Related to this question, I am trying to compute the Hessian of $$ g(r, \theta) = [r\cos(\theta)]^{\top} A \, [r\cos(\theta)] = f(r, \theta) ^{\top} A \, f(r, \theta) \tag{$*$} $$ for $r, \theta \in \mathbb{R}^n$ and $A = A^{\top} \in \mathbb{R}^{n \times n}$ where $f(r, \theta) = r \cos(\theta)$ is computed component-wise. Ideally, I hope to obtain a form for the Hessian of ($*$) using Hadamard and Frobenius notation (I have had trouble computing the Hessian from the formula given here.
Here is my attempt at computing gradients, where $C_{\theta} := \text{diag}(\cos(\theta))$, $S_{\theta} := \text{diag}(\sin(\theta))$, and $R := \text{diag}(R)$. \begin{align} \nabla_{\theta}g &= \nabla_{\theta} \{ (\cos(\theta)^{\top}(R A R) \cos(\theta) \} \\ &= -S_{\theta} (R A R) \cos(\theta) \tag{1} \end{align} and \begin{align} \nabla_{r}g &= \nabla_{r} \{ r^{\top}(C_{\theta} A C_{\theta}) r \} \\ &= (C_{\theta} A C_{\theta}) r \tag{2} \end{align} Now, I'm having trouble computing the second order terms from (1) and (2). Specifically, I'm having trouble computing the Jacobians: $$ D_{\theta} \{ -S_{\theta} (R A R) \cos(\theta) \} $$ and $$ D_{\theta} \{ (C_{\theta} A C_{\theta}) r \}. $$ Is there a clean way of doing this? As an alternative, I tried applying the formula $$ D^2g_x = Df_x^{\top} (A + A^{\top}) Df_x + D^2f_x (A + A^{\top}) f(x) $$ (for $x := (x^{r}, x^{\theta})^{\top}$) but had difficulty working with the final $D^2f_x (A + A^{\top}) f(x)$ term.

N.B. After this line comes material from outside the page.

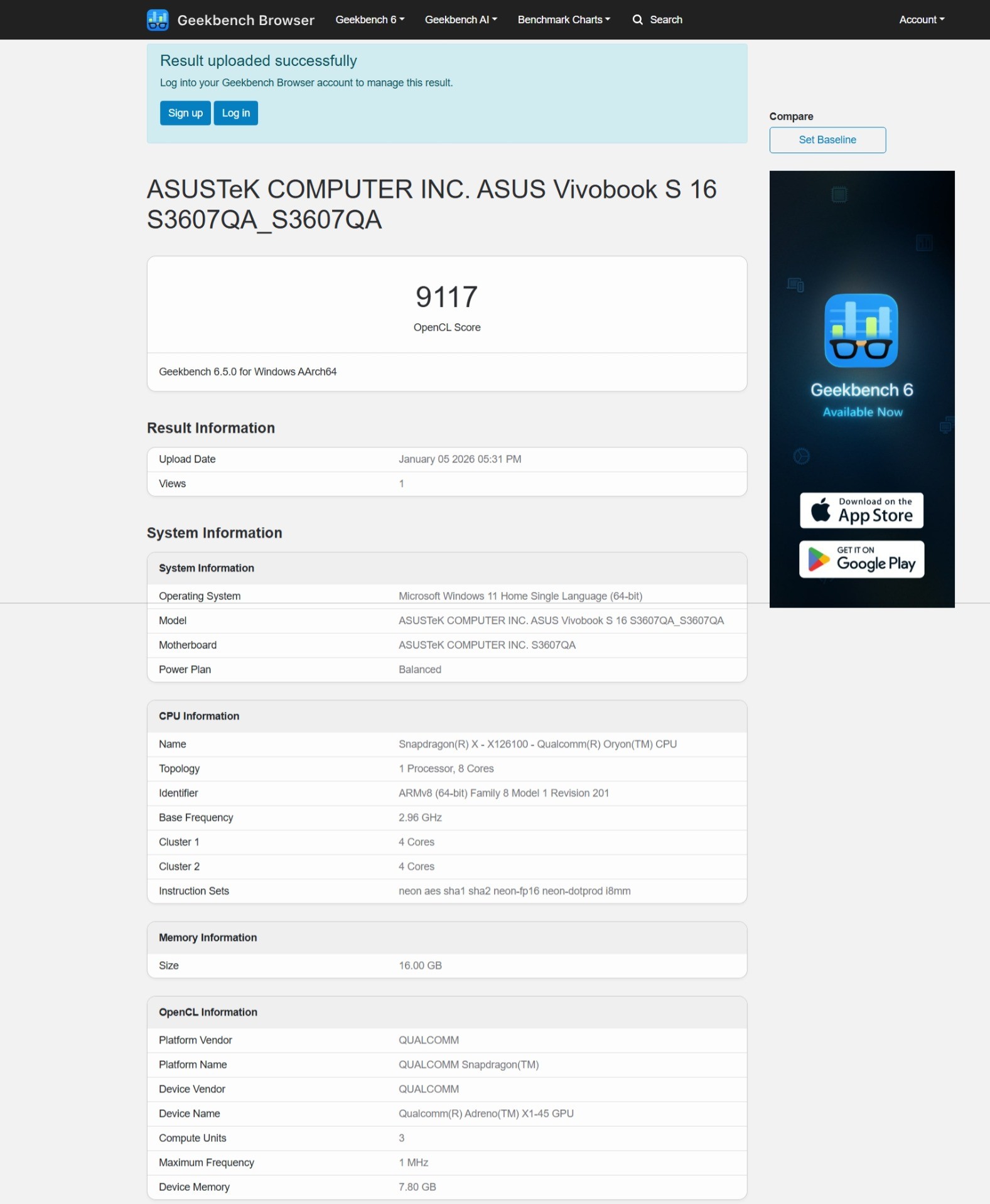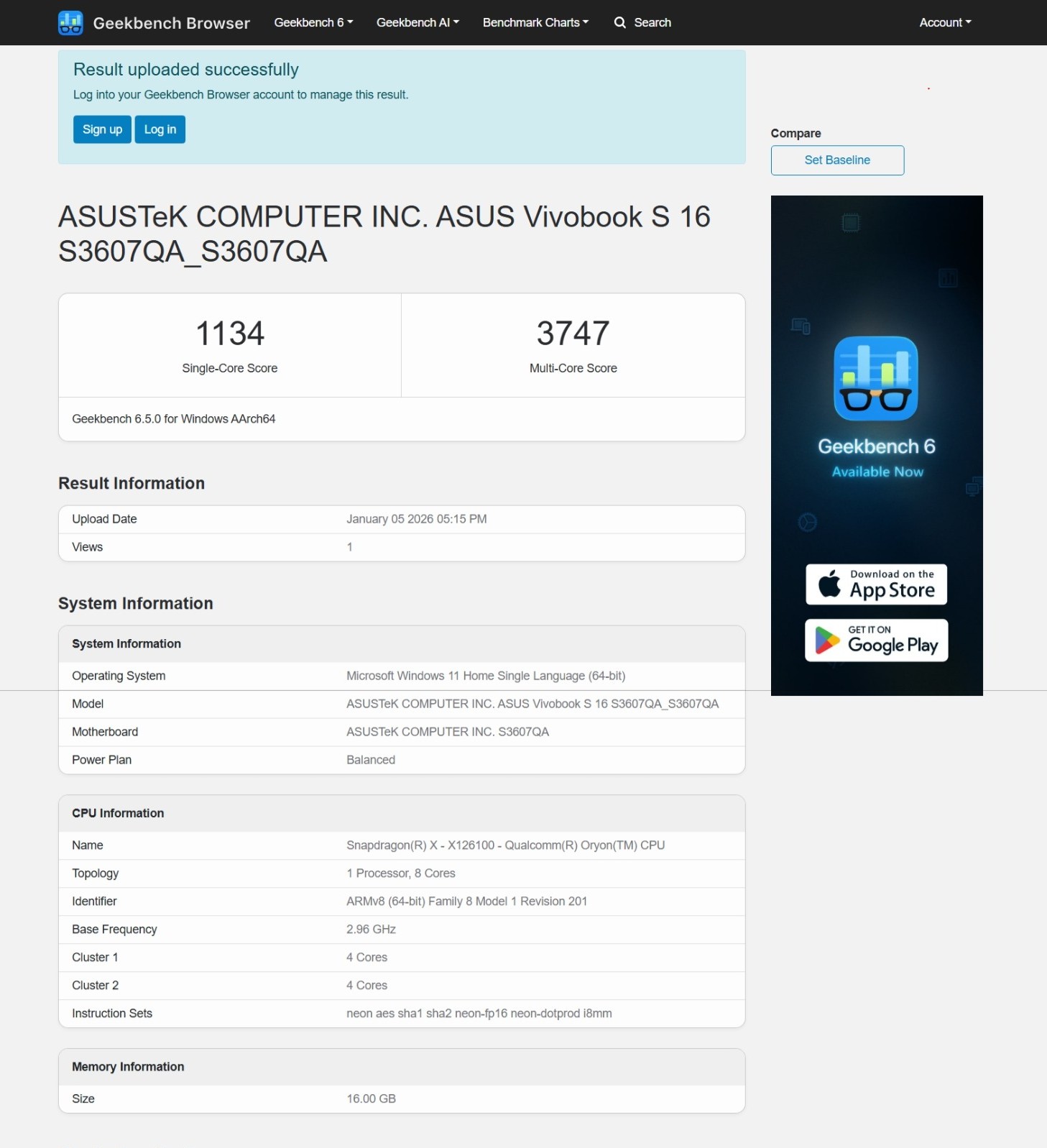 We have been using the Asus Vivobook S16 as our daily work laptop for over two weeks. The performance has been smooth and reliable for everyday tasks. The laptop is powered by the Snapdragon X (X1 26 100) processor, which comes with 8 cores and 8 threads, a 30MB cache and clock speeds of up to 2.97GHz. On the memory side, you get 16GB of LPDDR5X RAM clocked at 8448MHz, which feels more than sufficient for multitasking. The 512GB PCIe Gen 4 SSD keeps boot times fast and apps loading quickly.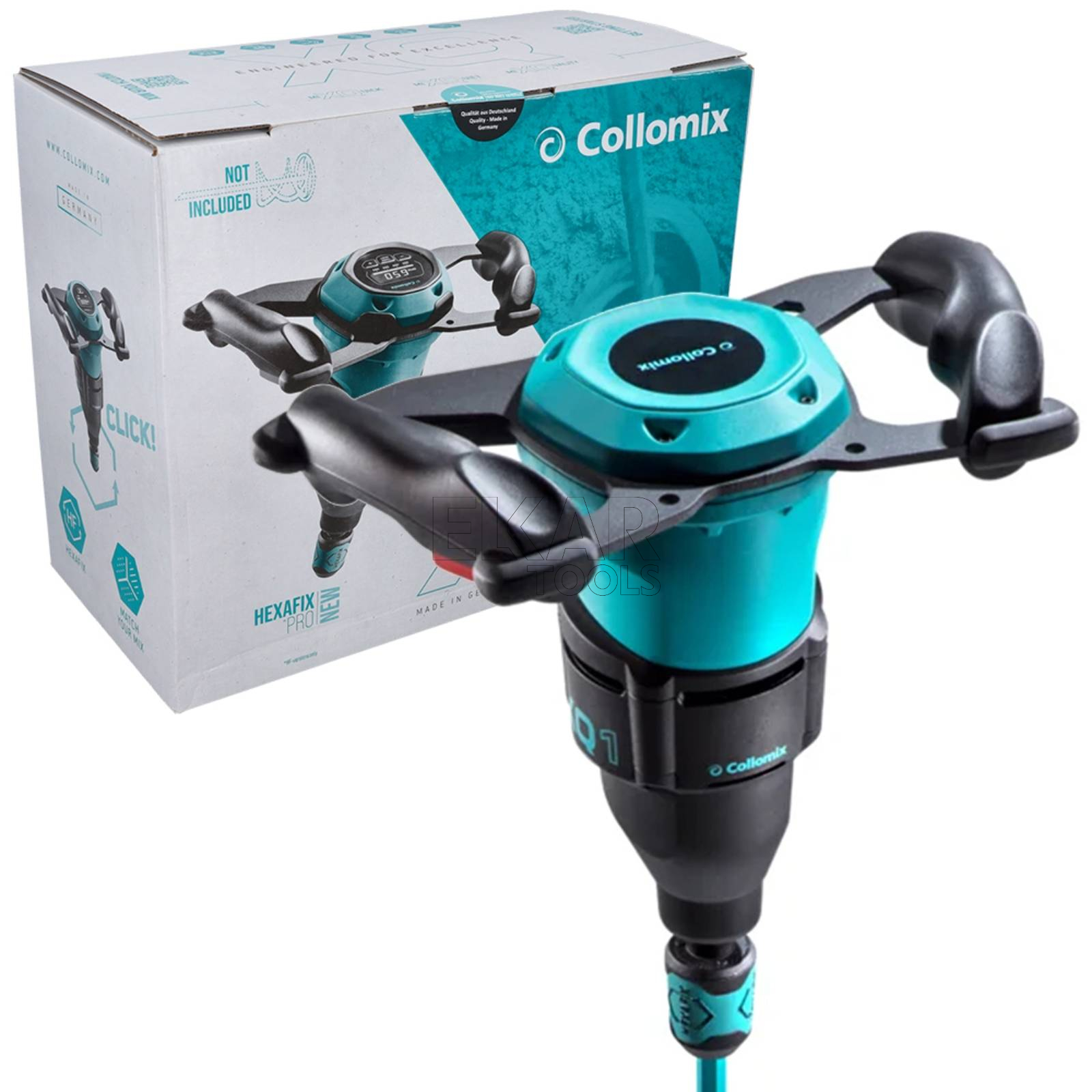 Mieszarka Collomix XQ1 HF 29100 to wyjątkowo lekki mechanizm jednobiegowy do 670 obr./min przeznaczony do mieszadeł o średnicy do 120 mm i mieszania mniejszych ilości. Cichy i kompaktowy, a jednocześnie wydajny mechanizm XQ1 niezawodnie wspiera użytkownika na placu budowy dzięki solidnej konstrukcji Made in Germany. Prędkość obrotową można wygodnie regulować za pomocą przełącznika podawania gazu. Gumowe odbojniki na wszystkich czterech rogach chronią plac budowy i urządzenie podczas odstawiania. Wyjątkowa ergonomia zapewnia wygodną pracę w wyprostowanej pozycji przyjaznej dla pleców. Szybkozłącze HEXAFIX PRO umożliwia jeszcze sprawniejszą wymianę mieszadła bez użycia narzędzi.

Define some variables $$\eqalign{ c &= \cos(\theta), \quad C = {\rm Diag}(c) \cr s &= \sin(\theta), \quad S = {\rm Diag}(s), \quad R = {\rm Diag}(r) \cr f &= c\odot r \cr df &= c\odot dr - s\odot r\odot d\theta \cr b &= Af \cr db &= A\,df = AC\,dr - ARS\,d\theta \cr }$$ Write the g-function in terms of these new variables and find its differential. $$\eqalign{ g &= A:ff^T \cr dg &= A:(f\,df^T+df\,f^T) \cr &= (A+A^T):df\,f^T \cr &= 2b:df \cr &= 2b:c\odot dr - 2b:s\odot r\odot d\theta \cr &= 2c\odot b:dr - 2s\odot r\odot b:d\theta \cr }$$ So the two gradients are $$\eqalign{ g_r &= \frac{\partial g}{\partial r} = 2c\odot b \cr g_\theta &= \frac{\partial g}{\partial \theta} = -2s\odot r\odot b \cr }$$ Now find the differential and gradients of $g_r$ $$\eqalign{ dg_r &= 2C\,db + 2B\,dc \cr &= 2C(AC\,dr - ARS\,d\theta) - 2B(S\,d\theta) \cr &= 2CAC\,dr - 2(CARS+BS)\,d\theta \cr g_{rr} = \frac{\partial p}{\partial r} &= 2CAC \cr g_{r\theta} = \frac{\partial p}{\partial \theta} &= -2(CAR+B)S \cr }$$ Similarly, $g_{\theta\theta}$ and $g_{\theta r}$ can be calculated as the gradients of $g_\theta$